Vascular disturbances from vertebral artery involvement may occasionally result in syncope, seizures, vertigo, and unsteady gait, among other signs and symptoms of brainstem ischemia.^15,53 Disturbed mechanics of the cervical spine may result in a dull aching pain in the posterior occiput and neck with episodic neck stiffness and torticollis.¹⁵ Tenderness noted in the area of the posterior scalp may be due to irritation of the greater occipital nerve. The following most common signs and symptoms occur, in decreasing order of frequency: pain in the occiput and neck, vertigo, unsteady gait, paresis of the limbs, paresthesias, speech disturbances, hoarseness, double vision, syncope, auditory noise or disturbance, and interference with swallowing. Acute respiratory failure secondary to hypoventilation and sleep apnea may occur.¹⁵ All these may be manifestations of underlying atlantoaxial instability, which, as an isolated lesion, may produce neck pain, headaches, and neurologic deficits from cord or root irritation and, rarely, sudden death.^34,73

Radiographic Features

Standard radiographs of this area can be difficult to interpret. Tomography, CT, and MRI may be necessary to clarify the pathologic condition (see Fig. 30–14).^{15,52,53,84,85} Most commonly, the anterior arch of the atlas is assimilated into the occiput, usually in association with a hypoplastic posterior arch. The condition may range from total incorporation of the atlas into the occipital bone to a bony or fibrous band uniting one small area of the atlas to the occiput. CT scans are often necessary to show bony continuity of the anterior arch of the atlas with the occiput. Posterior fusion is not usually evident because this portion of the ring may be represented only by a short bony fringe on the edge of the foramen magnum. Despite its innocuous radiologic appearance, this fringe is frequently directed downward and inward, can compromise the spinal canal posteriorly, and has been found to create a groove in the spinal cord. It is usually assumed that the assimilated atlas is fused symmetrically to the occipital opening, but several autopsy specimens have shown a posterior positioning of the atlas.⁸³ This position, in effect, pushes the odontoid posteriorly, narrowing the spinal canal and the space available for the spinal cord.
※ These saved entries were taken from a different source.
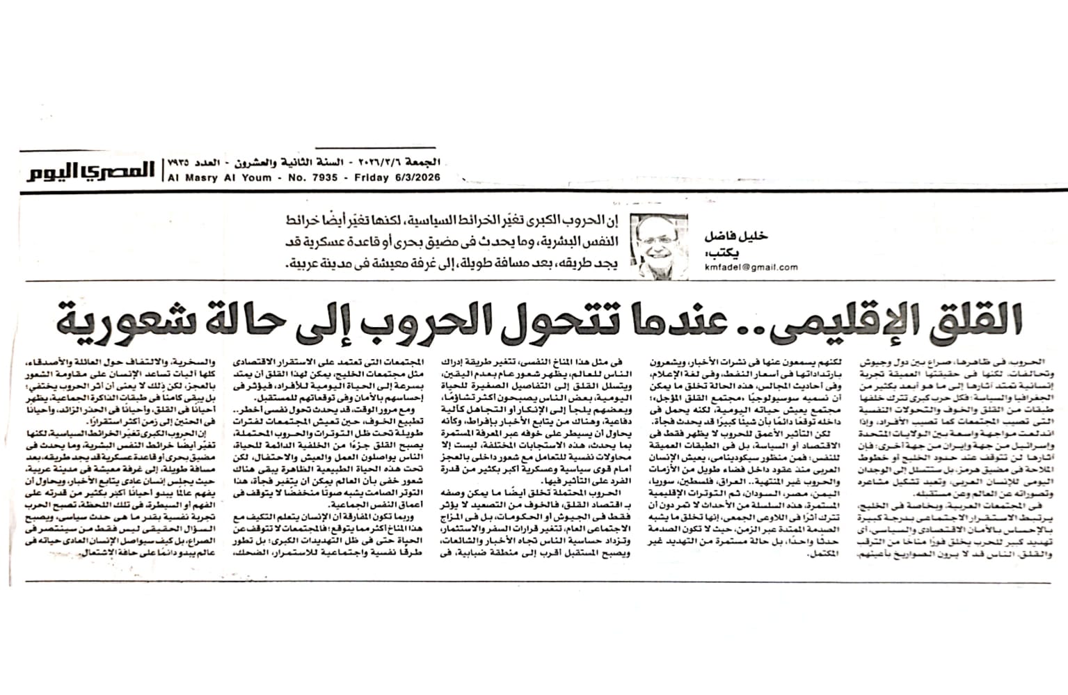 فى مثل هذا المناخ النفسى، تتغير طريقة إدراك الناس للعالم، يظهر شعور عام بعدم اليقين، ويتسلل القلق إلى التفاصيل الصغيرة للحياة اليومية، بعض الناس يصبحون أكثر تشاؤمًا، وبعضهم يلجأ إلى الإنكار أو التجاهل كآلية دفاعية، وهناك من يتابع الأخبار بإفراط، وكأنه يحاول أن يسيطر على خوفه عبر المعرفة المستمرة بما يحدث، هذه الاستجابات المختلفة، ليست إلا محاولات نفسية للتعامل مع شعور داخلى بالعجز أمام قوى سياسية وعسكرية أكبر بكثير من قدرة الفرد على التأثير فيها.
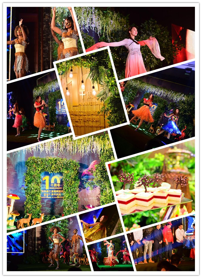 慶典活動(dòng)當(dāng)晚“叢林”主題的裝飾及茶歇給人耳目一新的視聽(tīng)感受,象征著酒店綠色健康、天然原生的美食以及熱情本真的服務(wù)團(tuán)隊(duì)。而晚宴則以“感恩、懷舊、展望”三個(gè)篇章呈現(xiàn),十年的陪伴與相守,十年的收獲與成長(zhǎng),所有情結(jié)都匯聚在精心錄制的視頻以及傾情打造的盛宴和演出當(dāng)中。
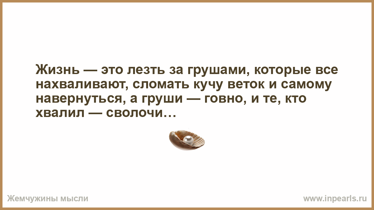 Жизнь — это лезть за грушами, которые все нахваливают, сломать кучу веток и самому навернуться, а груши — говно, и те, кто хвалил — сволочи…
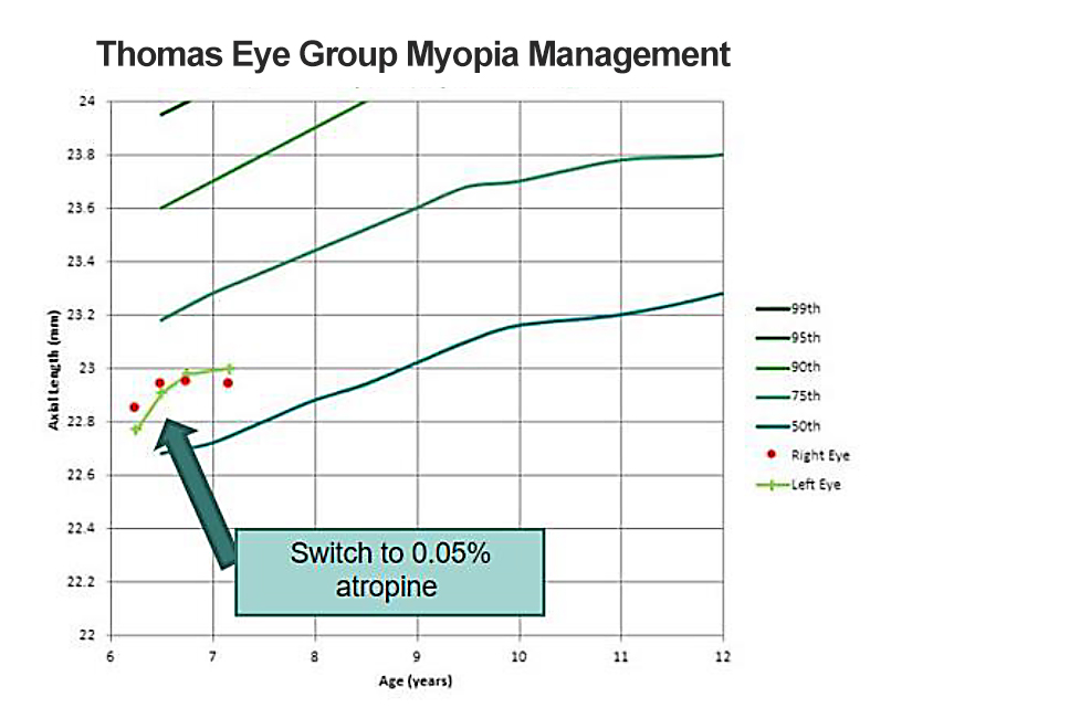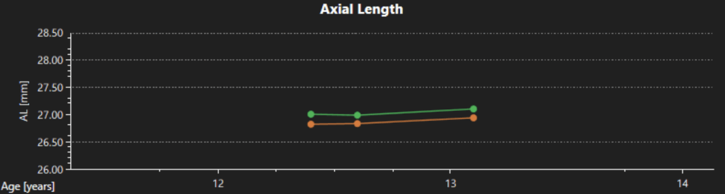 | Baseline | 22.85 mm | 22.75 mm | Started on atropine 0.025% |
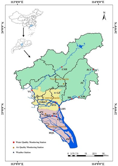 Guangzhou (22°26′–23°56′ N, 112°57′–114°03′ E), the capital of Guangdong Province, is located in southern China and the north-central Pearl River Delta. Guangzhou is characterized by a typical south subtropical marine climate, with an annual average temperature of 22.5 °C. The mean annual rainfall is nearly 1720 mm, 80% of which occurs in the wet season from April to September. Most rivers in Guangzhou belong to the Pearl River system, with mountain rivers in the northeast, and a river network formed by Guangzhou reach of the Pearl River and its tributaries in the south. Based on the hydrological characteristics and geographical conditions, the Guangzhou river system can be divided into three major river basins, including the northern, central and southern basin. To monitor the changes in river water quality, 11 national automatic stations were built in Guangzhou to collect water samples for quantitative real-time analysis. More information about these stations for monitoring surface water quality is shown in Figure 1.
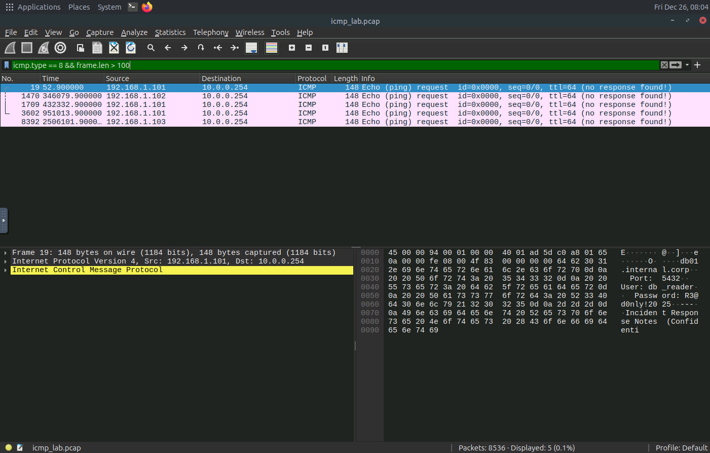 使用“task9.pcap”文件。編寫一條規則來過濾 IP ID “35369”,並針對給定的 pcap 文件運行該規則。檢測到的數據包的請求名稱是什麼?您可以使用以下命令:“snort -c local.rules -A full -l . -r task9.pcap”
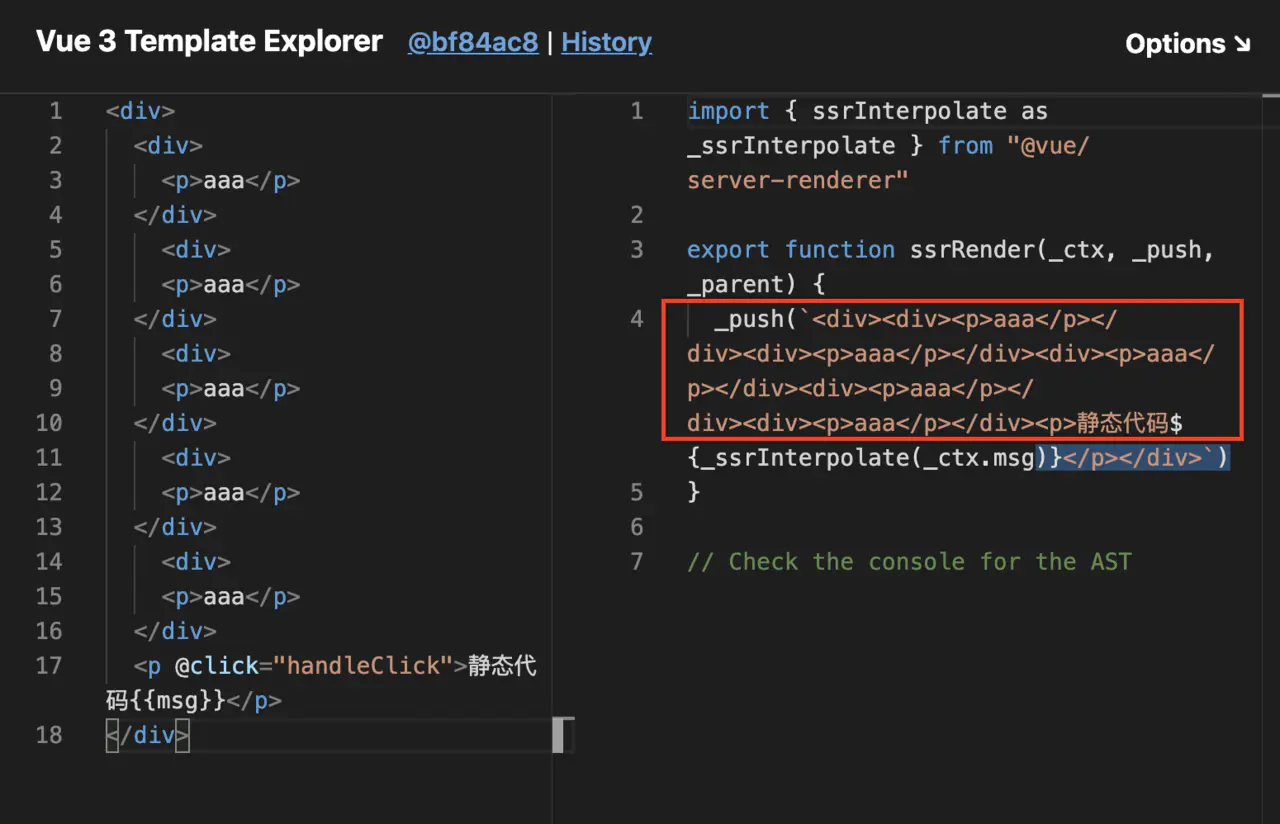 在客户端,当静态节点嵌套足够多的时候,VUE编译器也会将VDOM转化为纯字符串的HTML
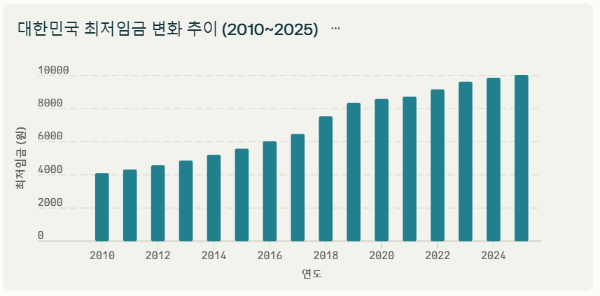 2025년 대한민국의 최저임금은 2024년 대비 170원(1.7%) 인상된 금액으로, 월 급여로 환산하면 2,096,270원(주 40시간, 월 209시간 기준)에 해당합니다. 이로써 대한민국은 최저임금제 도입 37년 만에 처음으로 시간당 1만원 시대를 열게 되었습니다
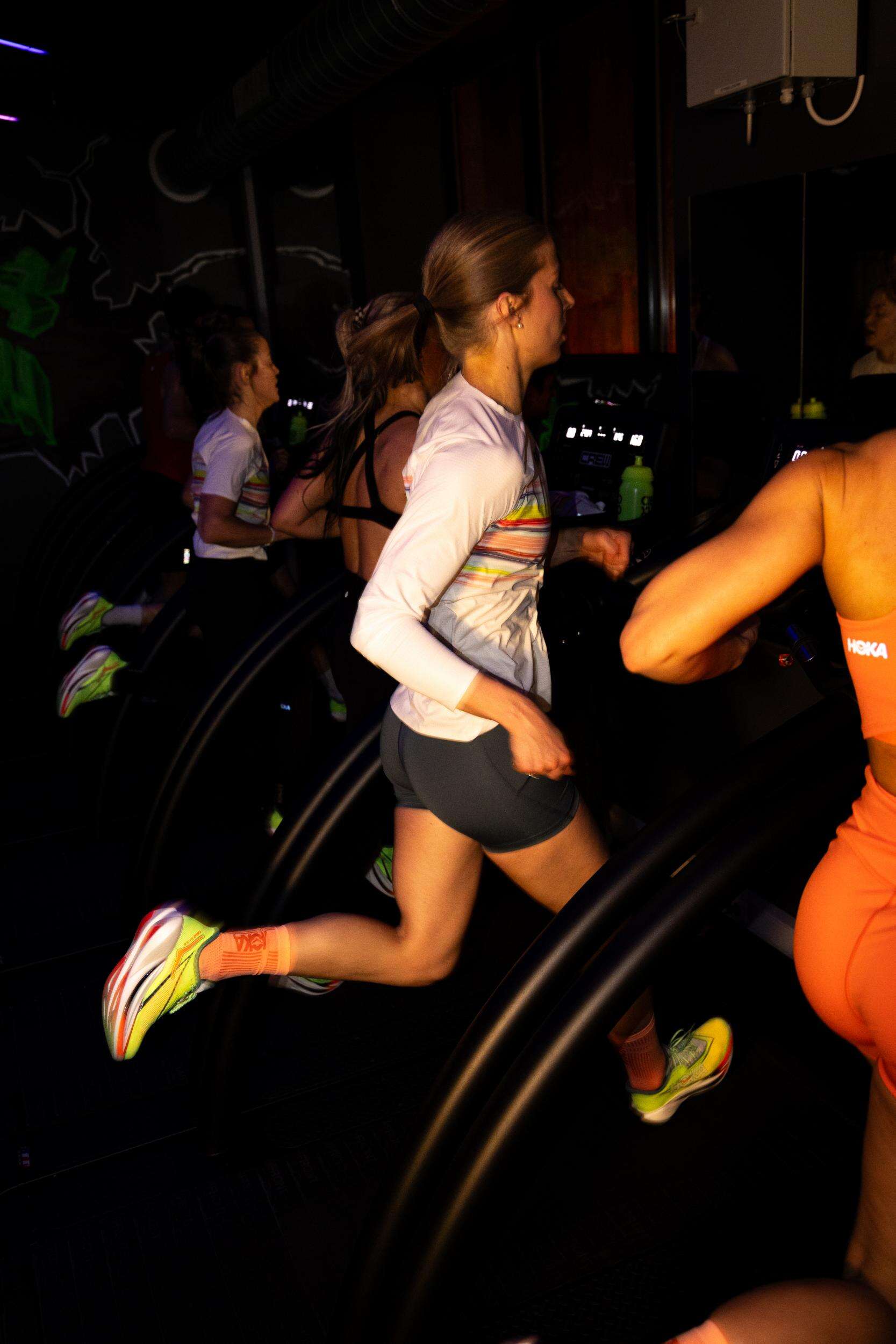 Etter mingling og en kort gjennomgang av detaljene var det klart for den virkelige testen. Treningsøkten ble ledet av Hoka-ambassadør Amanda Nilsson, som hadde satt sammen et perfekt opplegg for at deltakerne skulle få kjenne på Cielo X1 3.0 i ulike hastigheter.
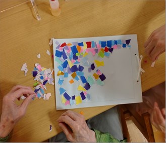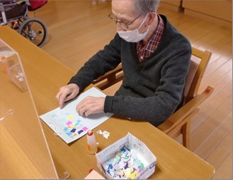 これまでにも『デイサービスセンター ル・レーヴ南浦和』では、さまざまな製作イベントを行ってきましたが、完成するまでどのようになるか予想が難しいちぎり絵製作は、皆様からの人気も高い製作の1つです。
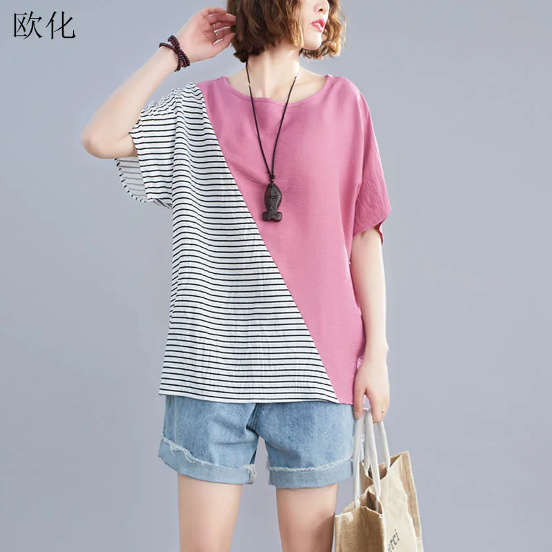 Женская футболка с круглым вырезом, Винтажная футболка в полоску из хлопка и льна, большие размеры, лето 2020
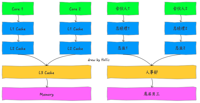 多核CPU就像一家公司是由多个合伙人共同创办的,那么,就需要给每个合伙人都设立一套供自己直接领导的高层管理人员,多个合伙人共享使用的是公司的底层员工。
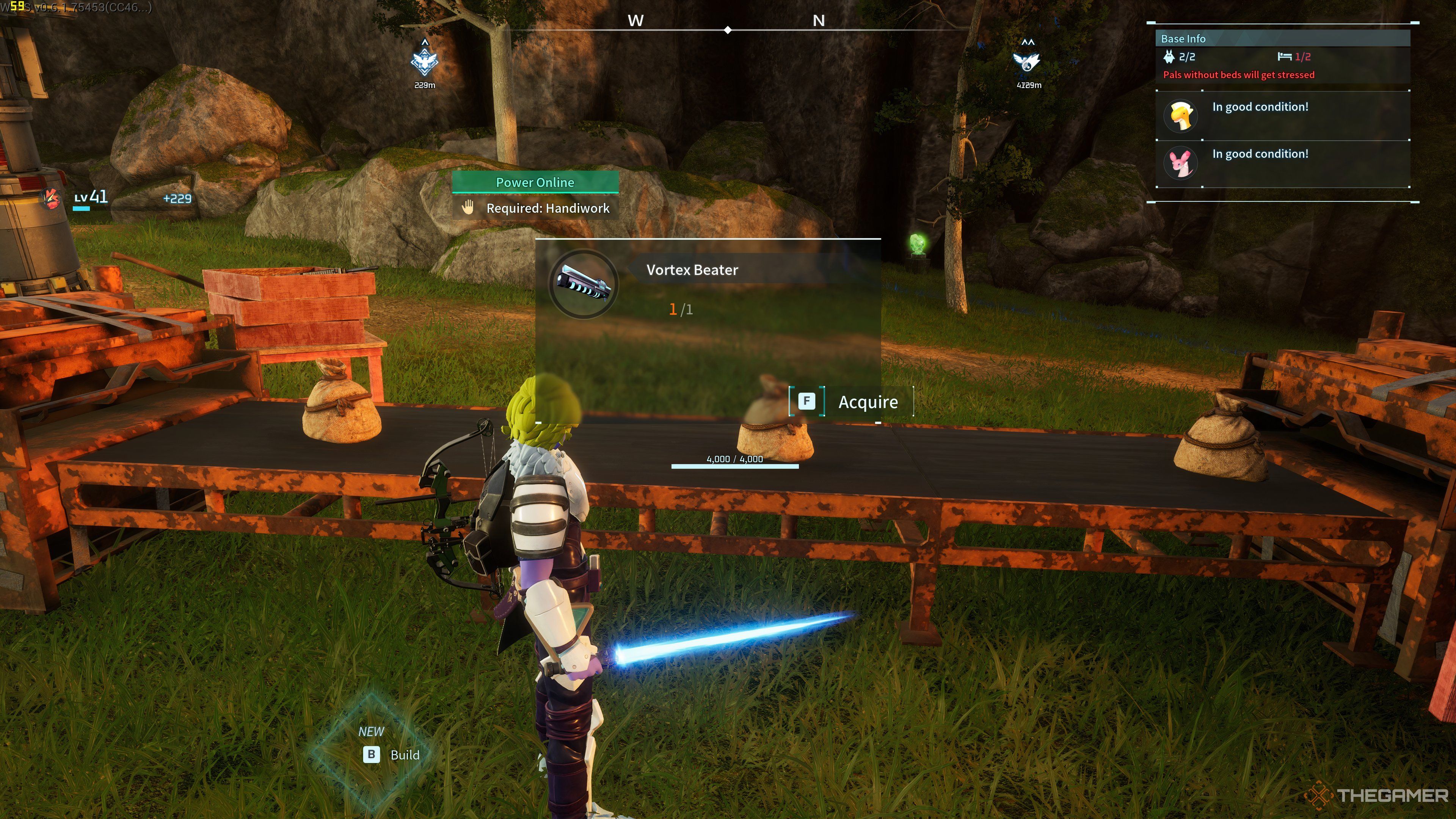 武器の組み立てラインがセットアップされ、電動PALを搭載したら、武器を作成するために高い手仕事の特性を持つ仲間を選択してください。組立ラインUIを開きますVortex Beaterを選択してくださいページの下部近く。

Ossification of the atlas proceeds from paired centers—one for each of the lateral masses. These progress posteriorly into the neural arches, which are fully ossified at birth except for a gap of 5 to 9 mm posteriorly that closes by the 4th year.⁵³ The anterior arch of the atlas is invisible in 80% of neonates. This area most commonly ossifies from a single center, which appears during the 1st year of life and fuses to the remainder of the atlas by the 3rd year.^{31,34,53,86,87} A persistent bifid anterior and posterior arch of the atlas beyond age 4 years is observed in skeletal dysplasias, Goldenhar syndrome, Down syndrome, Conradi syndrome, and atlas assimilation.⁸⁸ In an extensive review of CT scans from 1104 patients, Senoglu and colleagues⁸⁹ found a 3.35% incidence. None had neurologic deficits or needed intervention. Rarely, hyperplasia of the posterior arch occurs and has been associated with myelopathy.⁹⁰

There is varying loss of height of the atlas, allowing the odontoid to project upward into the foramen magnum and creating a “relative” basilar impression (see Fig. 30–14). The position of the odontoid relative to the foramen magnum was described earlier (see section on basilar impression). McRae^38,83 measured the distance from the posterior aspect of the odontoid to either the posterior arch of the atlas or the posterior lip of the foramen magnum (SAC), which was closer. He stated that a neurologic deficit would be present if this distance was less than 19 mm. This distance should be determined in flexion because this position most dramatically reduces the space available for the cord.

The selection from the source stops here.